In any decentralized logistics network, most of the decisions that impact supply chain costs are going to be made by people in departments other than logistics who don’t collaborate with each other, let alone consult with their supply chain manager.  Aligning your departments and people is going to be what provides the connectivity you need in order to gain visibility across your supply chain.  What do you need to create and support alignment?  The short answer is that you need good technology.

The longer answer is that you need good technology because the key to managing a global supply chain is having visibility of logistics costs at a transactional level.  You have to be able to query data from multiple departments and systems.  Below is a shortlist of everything your supply chain visibility technology should be able to provide.

When it comes to your inbound logistics expense, your supply chain visibility technology should provide:

  • line item detail for each inbound carrier used,
  • complete tracking detail for each inbound shipment, and
  • the total cost of each purchase order placed.

When it comes to your outbound logistics expense, your supply chain visibility technology should provide:

  • line item detail for each outbound carrier used
  • complete tracking detail for each outbound shipment, and
  • the total cost of each customer shipment/order delivered.   

When it comes to the cost of procurement, your supply chain visibility technology should provide:

  • a complete list of each SKU purchased,
  • the ability to identify the sourcing location of each global supplier, and
  • the total cost of bid pricing for procurement goods.

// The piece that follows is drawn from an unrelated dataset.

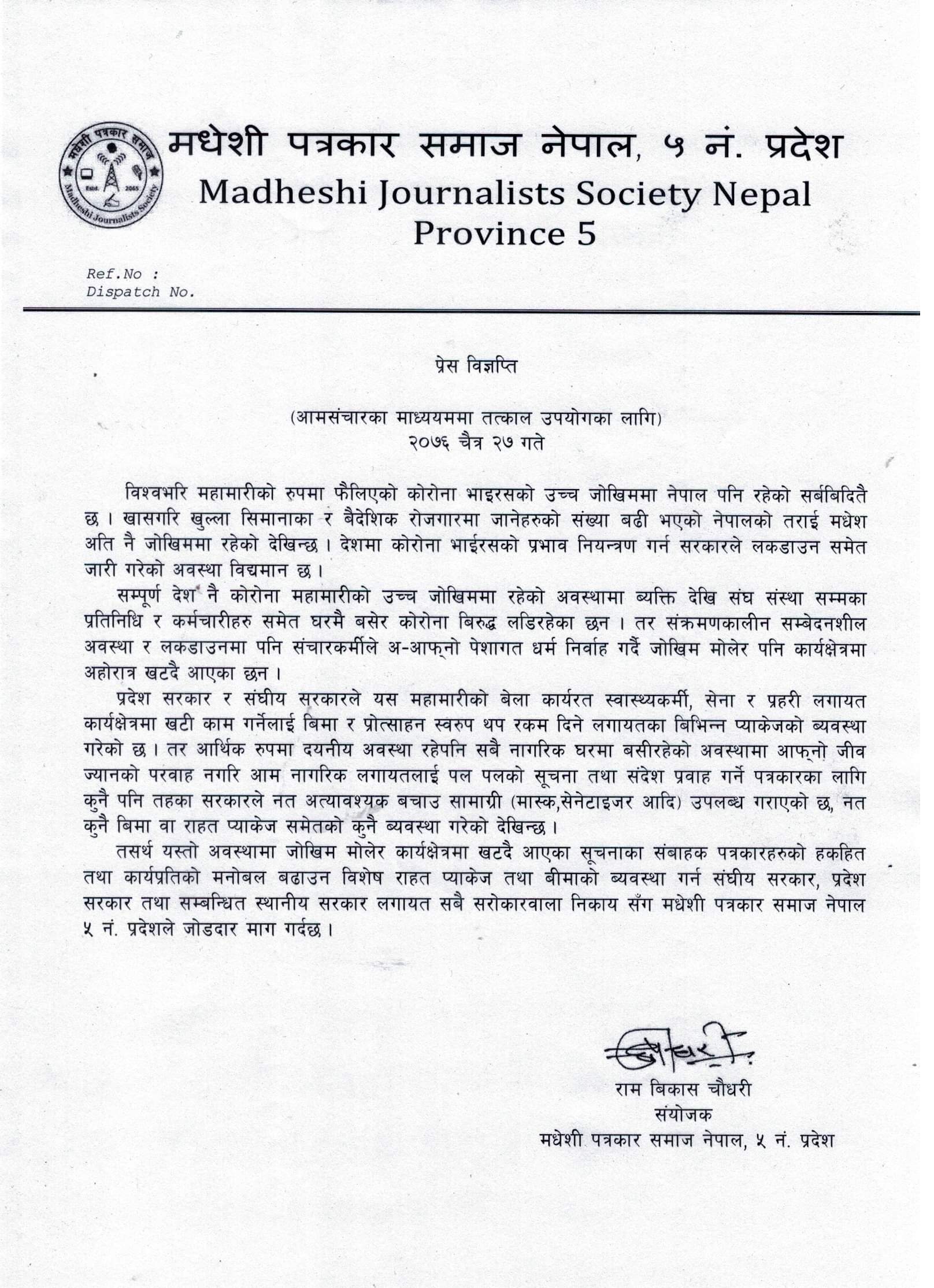 पत्रकाहरुको प्रोत्साहनका लागि विशेष प्याकेज ल्याउन मधेशी पत्रकार समाजको माग
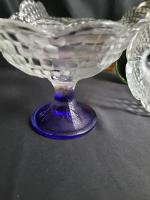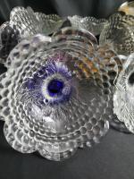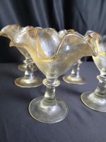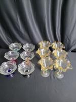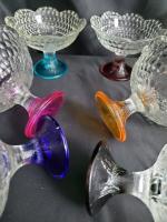 Lot de 12 coupelles en verre moulée pressée dont 6 avec les pieds colorés mesurent 10 cm de haut, 14 cm de diamètre.

When it comes to operations and inventory expenses, your supply chain visibility technology should provide:

  • the days items are held in inventory per SKU,
  • the total carrying cost per SKU, and
  • the obsolescence cost per SKU.

When it comes to sales price per SKU, your supply chain visibility technology should provide:

  • historical sales data for all SKUs,
  • expense assessments for sales prices versus margins, and
  • the total operational and logistics costs for all SKUs.

By importing all of the above transactional-level data into one relational database, a company with a decentralized global logistics network could begin using its collected information to create synergies between departments.

Integrating the cost visibility data of logistics and operations, for example, could allow your logistics and operations departments to access one single data source.  That would enable you to determine your actual total logistics cost per SKU.  You could take things a step further and create sourcing alignment among multiple departments or divisions by using your supply chain visibility technology to determine cross-divisional purchasing ownership, develop an itemized master SKU list by division, and optimize purchasing power on a corporate level.  Taking these actions should optimize your company’s purchasing power while reducing its overall logistics expense.

While there are a lot of different technology solutions in the market that will help you do different things, if your goal is to align divisions and gain global visibility of your supply chain, the thing that will be most valuable to you is a relational database that is able to hold specific data from multiple sources.  This is what will empower you, the supply chain manager, to use one single source to obtain all of the itemized inbound and outbound costs per SKU for all modes of transportation globally.